2. K8s Endpoints Manual Definition

Because the Service above has no selector, Kube will not create endpoints automatically. We must define the endpoint manually to point to the physical IP of the standalone LXC (e.g., db-cluster at IP 192.168.1.103):

apiVersion: v1
kind: Endpoints
metadata:
  name: db-cluster-svc
  namespace: default
subsets:
  - addresses:
      - ip: 192.168.1.103
    ports:
      - port: 5432

Using this method, our applications inside the Kube cluster can simply connect to the internal host db-cluster-svc.default.svc.cluster.local:5432. If the physical database IP changes in the future, we only need to update this Endpoints configuration file without modifying any application code.

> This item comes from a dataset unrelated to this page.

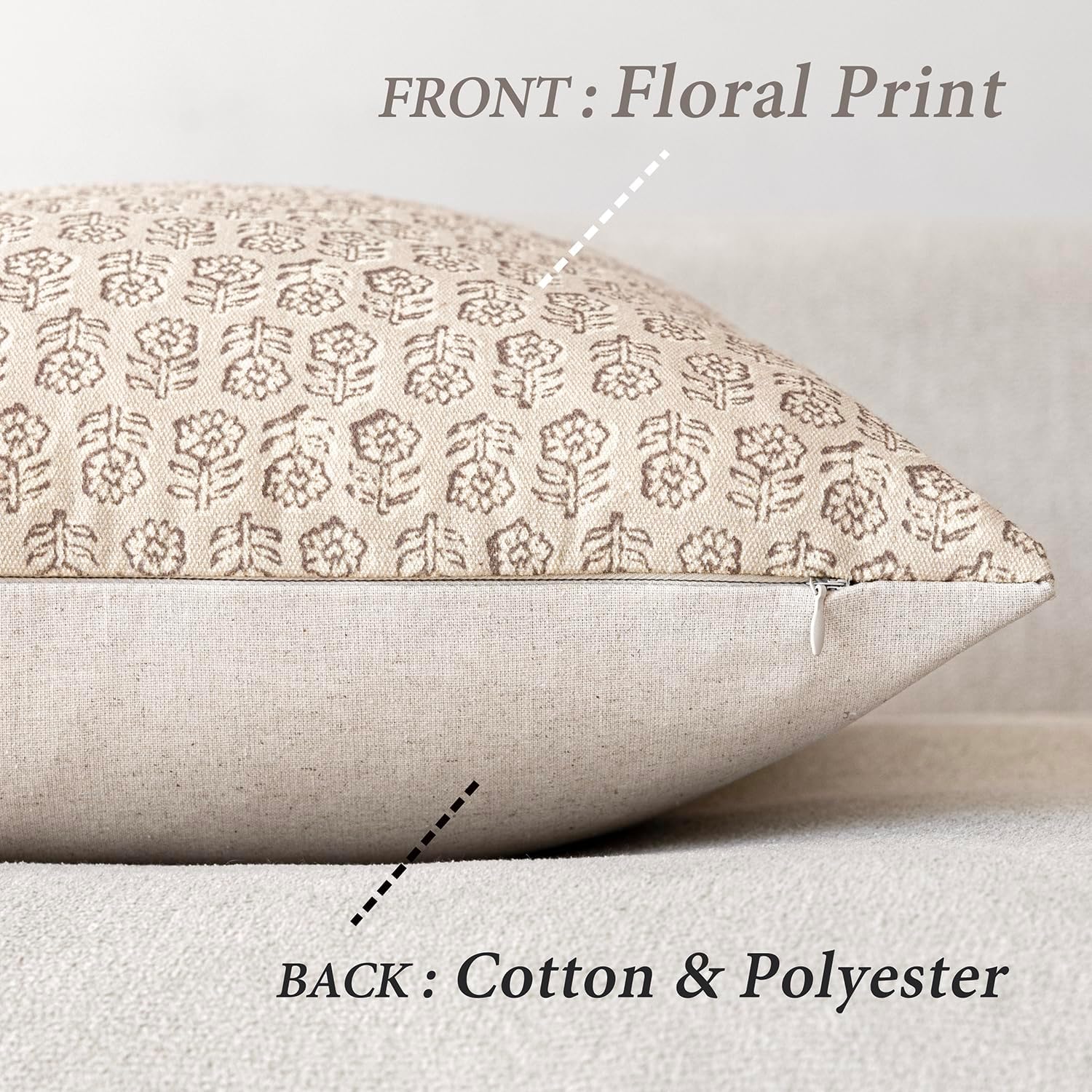 Foindtower Set of 2 Decorative Neutral Floral Print Throw Pillow Covers Vintage Accent Farmhouse Cushion Covers Boho Home Decor for Sofa Couch Chair Bedroom Living Room Outdoor,24×24 Inch,Ivory Beige

⚙️ Dynamic Provisioning: Automating Client Pods

For SaaS requirements or multi-tenant applications, we need to spin up new application instances dynamically when a new client registers. With this architecture, the flow is highly elegant:

  1. Subscription Request A user registers, and our backend (core-backend) processes the request.
  2. Database Provisioning The backend contacts the db-host programmatically to create an isolated database and database user for the client:
    • Database Name: pod_db_<product_name>_<workspace_id> (e.g., pod_db_service_clientx)
    • Database User: pod_user_<product_name>_<workspace_id> (e.g., pod_user_service_clientx)
  3. K8s API Call The backend connects to the Kubernetes API Server via the internal domain k8s-api.mycloud.dev to provision new resources:
    • Creates an isolated Namespace: client-pod-<product_name>-<workspace_id> (e.g., client-pod-service-clientx).
    • Creates a Secret containing the client's unique database credentials.
    • Creates the Deployment, Service, and IngressRoute (Traefik) to route the client's subdomain (clientx.mycloud.dev).

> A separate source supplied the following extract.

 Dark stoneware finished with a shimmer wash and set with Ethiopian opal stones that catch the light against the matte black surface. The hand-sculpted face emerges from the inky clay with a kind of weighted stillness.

Why Isolate Per Namespace?

By isolating each client instance in its own namespace:

  • Strict Security Isolation: Client A cannot inspect or access resources belonging to Client B internally.
  • Resource Quota: We can restrict CPU/RAM usage per client strictly using Kube ResourceQuota.
  • Clean Deprovisioning: If a client unsubscribes, the backend simply deletes the namespace. Kubernetes garbage collector automatically cleans up all resources inside it without leaving stray files on the host.

💡 Conclusion

Separating responsibilities between Kubernetes (for dynamic and stateless applications) and Standalone LXC (for databases and storage) provides incredible stability to the homelab.

We get all the benefits of modern orchestration from Kubernetes (such as auto-healing, easy scaling, and dynamic provisioning via API), without sacrificing the read-write disk performance of databases, which are typically slower if run inside Kubernetes virtual storage.

The entire infrastructure is defined using Terraform for the Proxmox side, ensuring that if a server dies, we can re-provision our entire homelab in minutes!